En réponse à l'attitude initialement cavalière de l'administration Reagan à l'égard de la guerre nucléaire, le PSR se joignit à d'autres groupes médicaux du monde entier pour former le Nobel de la paix en 1985. Malheureusement, malgré le succès évident de certains la santé mentale humaine de base ou bonne chance (la guerre nucléaire n'a pas encore eu lieu!), les pays qui ont signé les différents traités n'ont pas tenu leurs promesses.

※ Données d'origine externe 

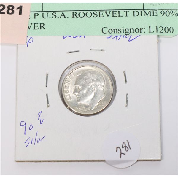 1963 P U.S.A. ROOSEVELT DIME 90% SILVER
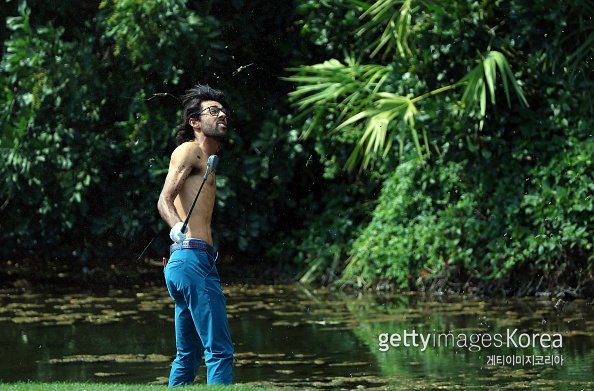 바티아는 이날 6번(파4) 홀에서 ‘1차 상의 탈의’를 해야 했다. 티샷이 페어웨이 왼쪽 물에 빠지자 벌타를 받는 대신 이를 그대로 치기로 했다. 결국 상의를 벗고 물로 들어가 두 번째 샷을 시도했고, 공을 페어웨이에 올려 힘겹게 파를 지켜냈다. 물에 흠뻑 젖은 그는 여자친구가 가져다 준 새 모자와 상의, 신발을 갈아 신고서야 다음 홀로 향했다.

Les arsenaux ont en effet diminué, passant de plus de 50 000 armes à seulement 16 300. Mais plus de pays que jamais ont de bombes nucléaires: les Big Five (États-Unis, Russie, Grande-Bretagne, France et Chine) ont été rejoints par l'Inde, le Pakistan, Israël et, plus récemment, la Corée du Nord, avec l'Iran à la porte. La Russie et les Etats-Unis ont déjà commencé à "se moderniser".

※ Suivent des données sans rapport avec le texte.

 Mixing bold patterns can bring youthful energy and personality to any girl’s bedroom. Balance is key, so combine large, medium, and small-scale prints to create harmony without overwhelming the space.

J'ai rejoint le PSR en 1979 et passé plus d'une décennie consacrée à la PSR, donnant des conférences sur les conséquences médicales et psychiatriques de la guerre nucléaire et de la course aux armements nucléaires. Mon mari et moi avons écrit deux livres sur la guerre nucléaire. Alors que nous élevions de jeunes enfants et essayions d'avoir une «vie normale», notre maison était remplie de photos d'explosions, de brûlures et de radiations. Mais quand le mur de Berlin est tombé en 1991, et que les mains de The Clock étaient à 17 minutes de minuit, nous avons remercié avec gratitude ce sujet, essayant de profiter de la vie et de ses plaisirs et problèmes ordinaires. Malheureusement, le risque est de retour. La menace a encore augmenté. A la fin de son roman, La Peste , Albert Camus a souligné que bien qu'une épidémie de peste finisse par s'éteindre, les rats reviennent toujours. Les rats reviennent maintenant. La volonté insensée de contrôler le monde, ses marchés, ses religions et ses ressources a conduit à une résurgence des ambitions nucléaires avec des armes de destruction massive modernes et coûteuses.

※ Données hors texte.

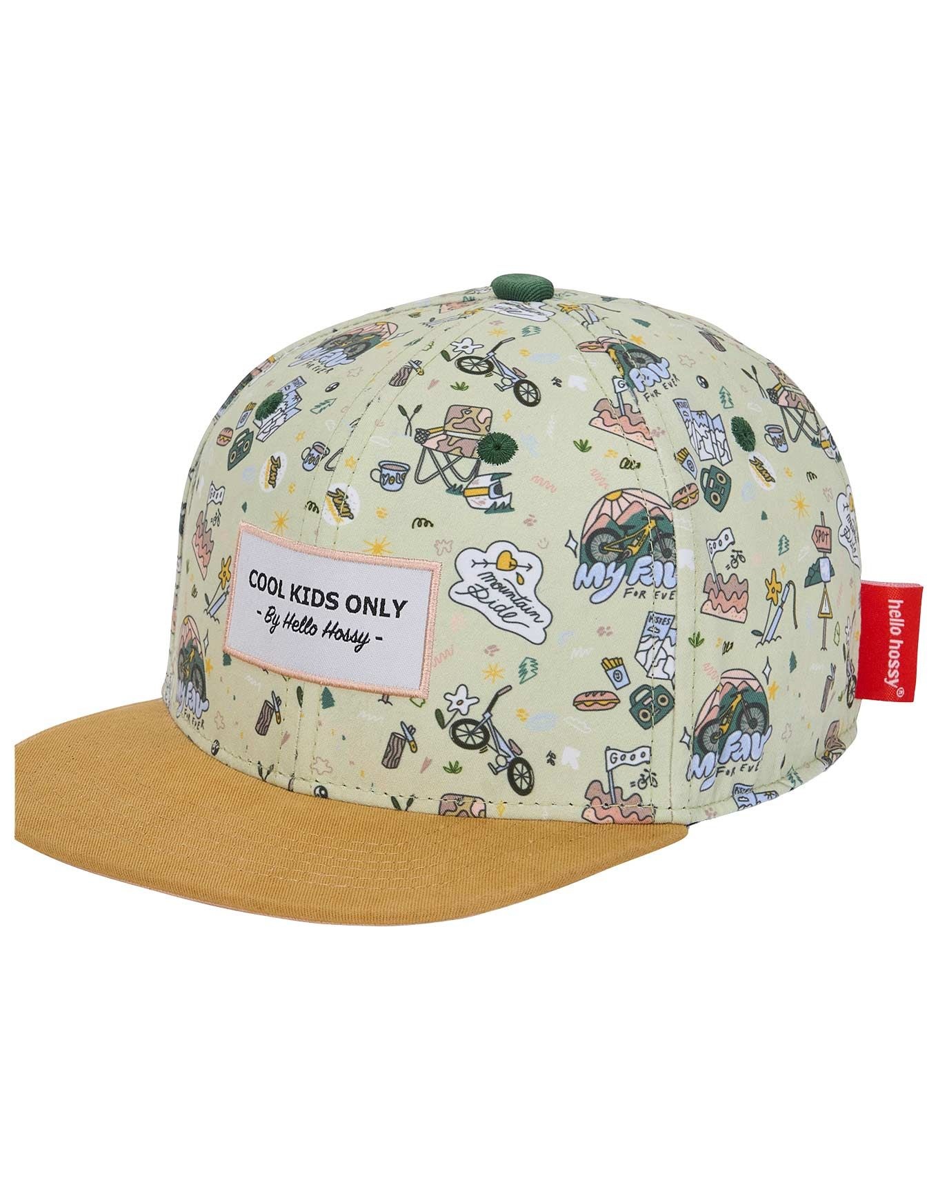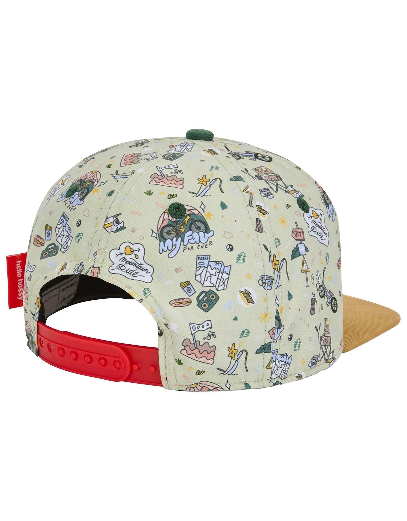 Casquette enfant Hello Hossy Mountain Ride à visière plate, look trendy et imprimé moderne, tailles réglables pour un confort tout au long de l’année.

La seule façon d'empêcher un holocauste nucléaire est d'interdire entièrement les armes nucléaires et d'investir de l'argent dans des moyens techniques pour vérifier que d'autres ne sont pas développés, testés ou déployés. L'horloge de 3 minutes à minuit signifie que nous sommes en grand danger d'extinction, avec le reste de la biosphère; c'est vraiment une très mauvaise nouvelle.

Alors, j'ai encore envoyé mon abonnement au Bulletin des scientifiques atomiques, et je passerai mes derniers jours et soirées à travailler avec PSR, essayant d'empêcher mes enfants de devoir dire à leurs enfants: "Je pense que cela signifie la fin de la monde."